The latest, most blatant case of this involves a lawsuit from one of their own, in which a former agent, who was a principal in an undercover operation to infiltrate the Hells Angels motorcycle club, sued the agency for defamation of character and breach of contract. The judge barred 17 DOJ lawyers from his court and suggested that, along with BATF acting in a vindictive and “Kafkaesque” manner toward its own agent, prosecutors and BATF might have engaged in perjury and fraud upon the court.
BATF and DOJ misdeeds were also apparent in the treatment of Albert Kwan, the Reese family, David Olofson and the notorious Fast and Furious gunwalking scandal.
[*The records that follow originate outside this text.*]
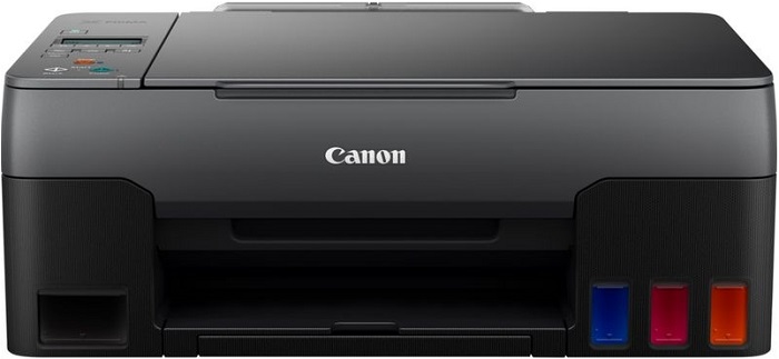 Многофункциональное устройство Canon PIXMA G2420 рассчитано на подключение к компьютерам, работающим под управлением ОС семейства Windows. В комплекте – диск с программным обеспечением, кабель питания, руководство пользователя и стартовый комплект чернил. Цвет корпуса многофункционального устройства – черный.
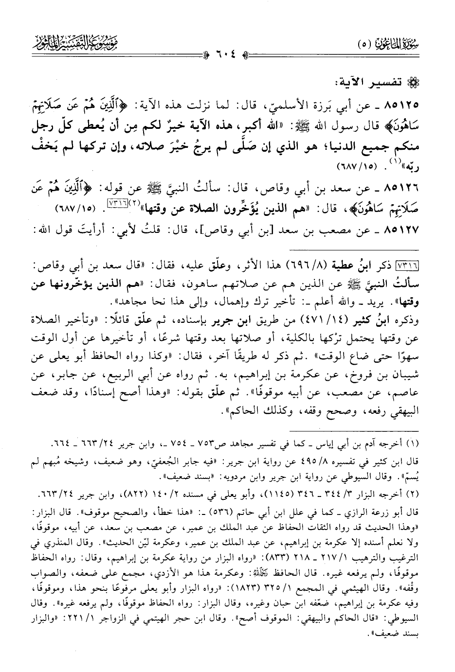 [٧٣١٦] ذكر ابنُ عطية (٨/ ٦٩٦) هذا الأثر، وعلّق عليه، فقال: «قال سعد بن أبي وقاص: سألتُ النبيَّ - صلى الله عليه وسلم - عن الذين هم عن صلاتهم ساهون، فقال: «هم الذين يؤخّرونها عن وقتها». يريد -والله أعلم-: تأخير ترك وإهمال، وإلى هذا نحا مجاهد».
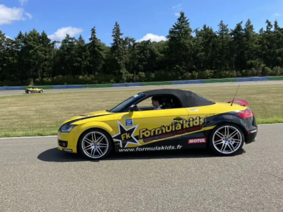 - Après une présentation des caractéristiques techniques de l’Audi TT, c’est le moment de monter à bord, à la place du conducteur ! Votre enfant prend le volant pour réaliser le nombre de tours choisi selon la formule. Au programme : apprentissage de la gestuelle au volant, projection du regard et notions relatives à l’accélération et au freinage.
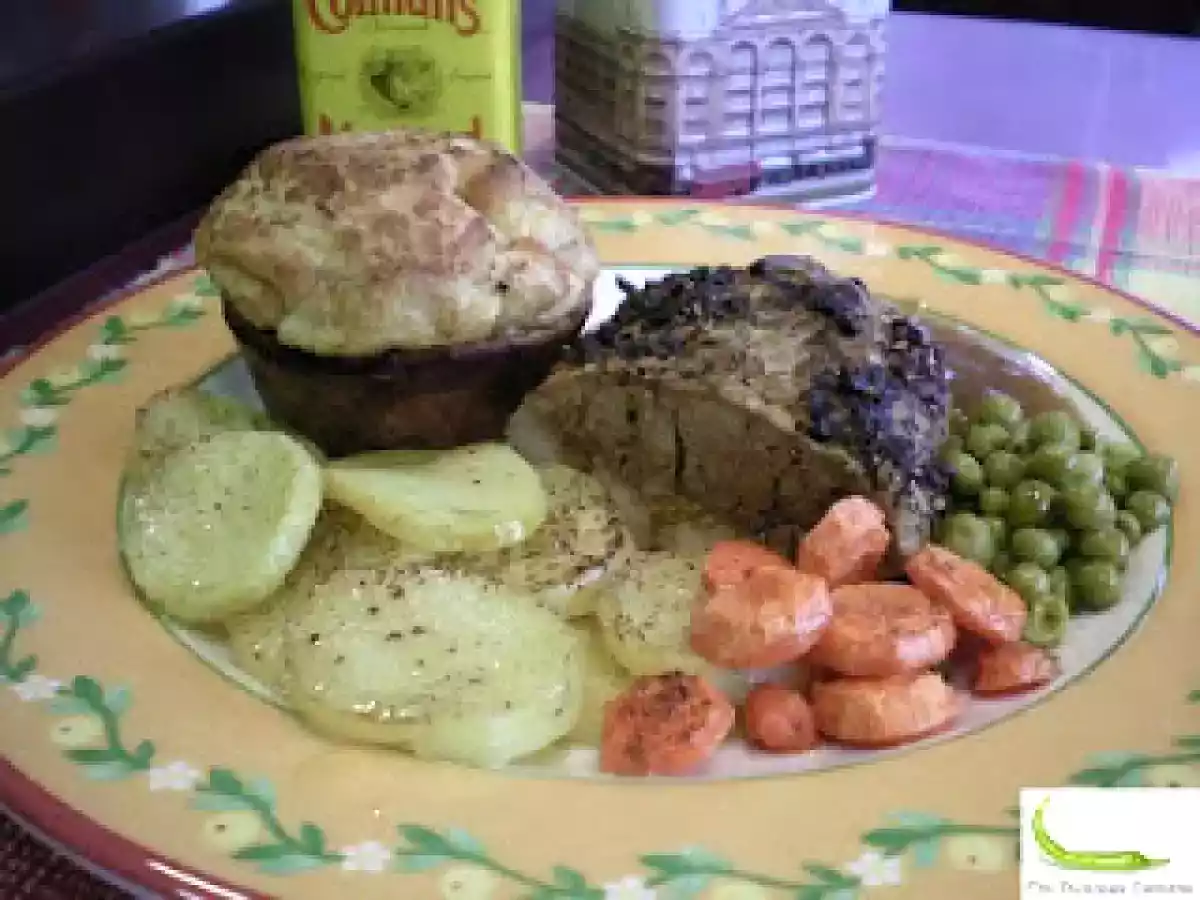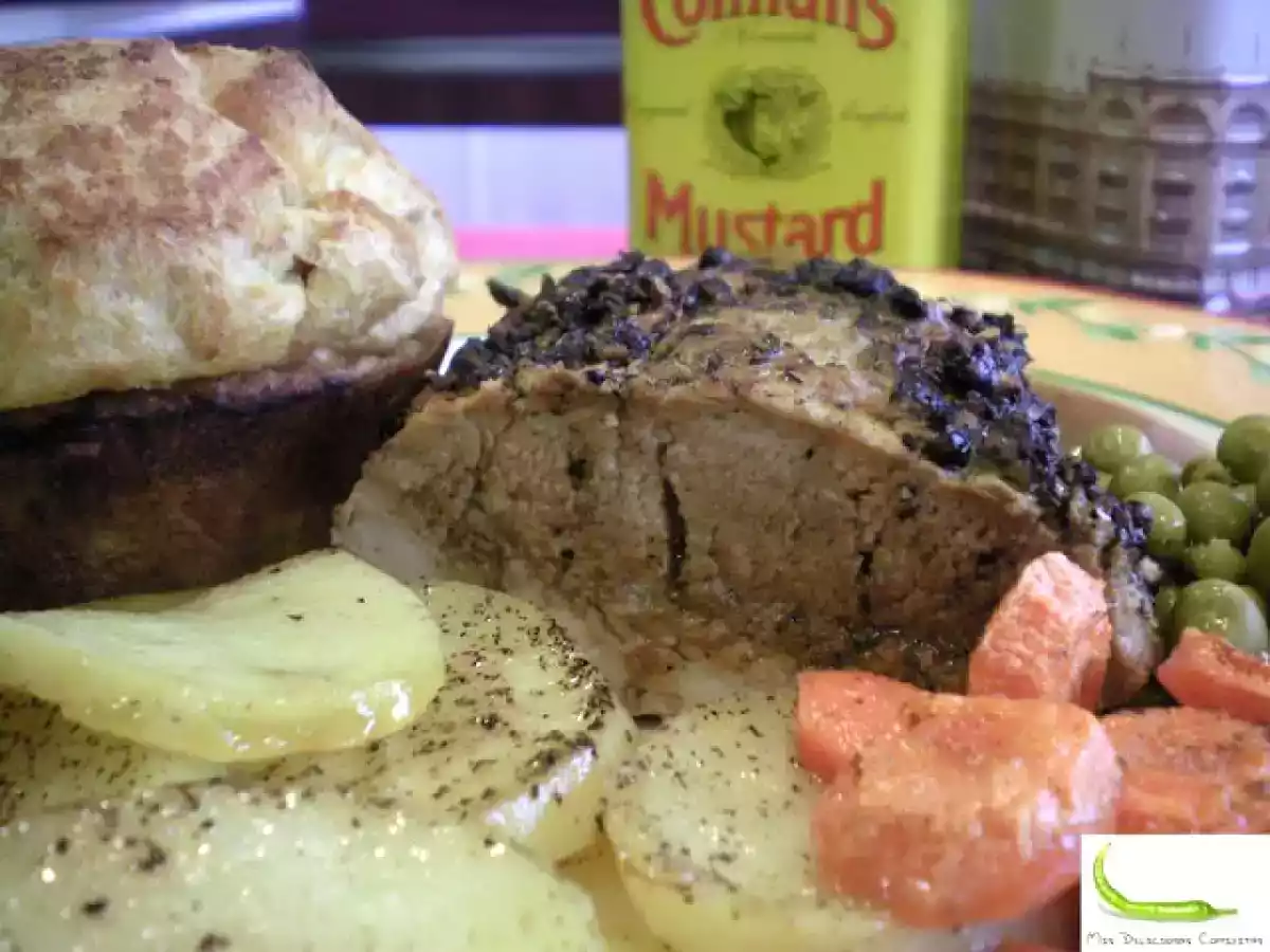 Solomillo de cerdo en costra de pimienta y mostaza AnteriorSiguiente PlatoFácil1 hora915 Kcal Enviar esta receta a un amigo Imprimir esta página Preguntar al autor Publicar la foto de esta receta Ingredientes 2 Un solomillo de cerdo Dos cucharadas de mostaza inglesa Dos cucharadas de pimienta negra en grano Zumo de un limón Aceite de oliva Sal 1/2 vaso de vino blanco Una taza de caldo de carne una cucharada de maizena Dos patatas Dos zanahorias 100 g de guisantes verdes Un huevo 1/2 taza de harina 1/2 taza de leche Una pizca de sal Jugo de la cocción de la carne Mantequilla Costo estimado: 6.53Euros€ (3.27€/porción)
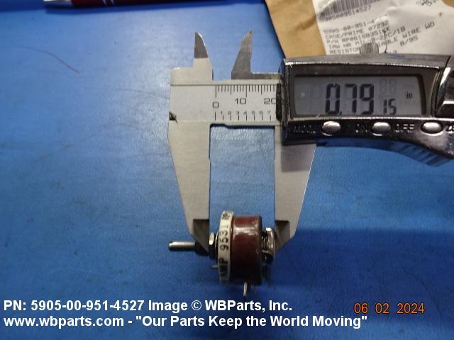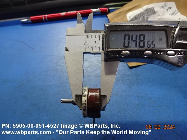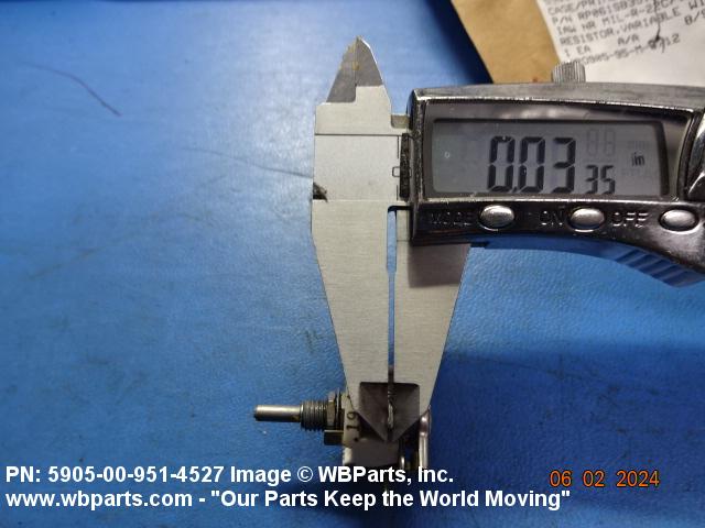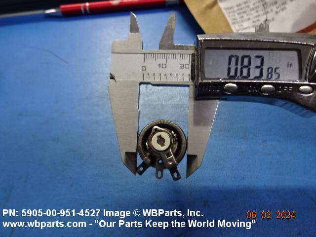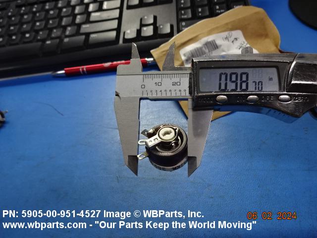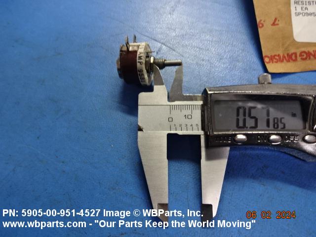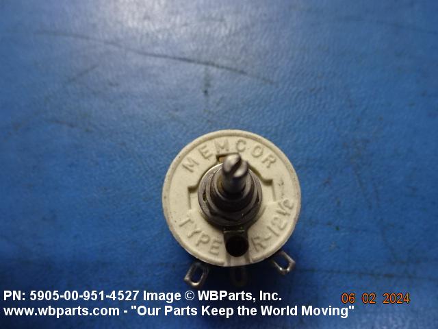 5905-00-951-4527 A resistor in which a sliding or rolling contact moves over an exposed area of the resistive element to change the ohmic value of the output. The functional tolerance (linearity), if given, of the output is greater than plus of minus 1 percent on linear outputs. Specified outputs such as sine, cosine, tangent, etc., shall be considered to be precision. For items having manually positioned taps designed to be set and fixed prior to use, see RESISTOR, ADJUSTABLE. For items with step by step variation, see RHEOSTAT and RESISTOR, STEP BY STEP. For tandem-mounted items designed to function together as an attenuator (and rated accordingly), see ATTENUATOR, VARIABLE. Excludes RESISTOR (1), VARIABLE, NONWIRE WOUND, NONPRECISION; RESISTOR (1), VARIABLE, NONWIRE WOUND, PRECISION; and RESISTOR (1), VARIABLE, WIRE WOUND, PRECISION.
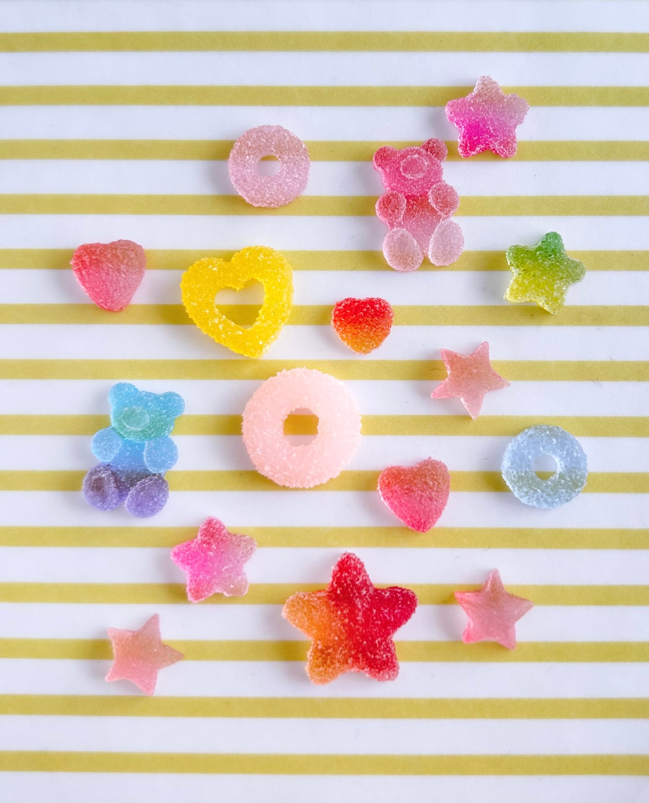 まるでお砂糖がかかったゼリー菓子のような、ザラメのキャンディのような可愛いパーツ。

Under the Obama administration, the ATF attempted to ban common M855 ball ammunition for the AR-15 claiming that the bullet is “armor-piercing.” Factually that was a lie, according to the clear definition of what constitutes an “armor-piercing” bullet as defined in the Law Enforcement Officer’s Protection Act of 1986 (LEOPA). LEOPA’s definition requires the bullet’s core to be made of one of a number of specified hardened metals, and the core of the M855 ball round is soft lead that makes up 80-percent of the bullet’s total weight. The specific goal of the law was to prevent the use of hardened metal bullets with penetrator cores in common handguns, for what was then called “cop killer bullets.” Had the ban not been defeated, the ATF would have had free reign to ban any ammunition, as the actual law seems to matter little to a rogue agency that ignores and redefines laws on a whim.
The pattern is symptomatic of government spiraling out of control with bad laws being enforced and prosecuted by rogue agencies operating without adequate supervision or accountability. And the problem just seems to keep getting worse.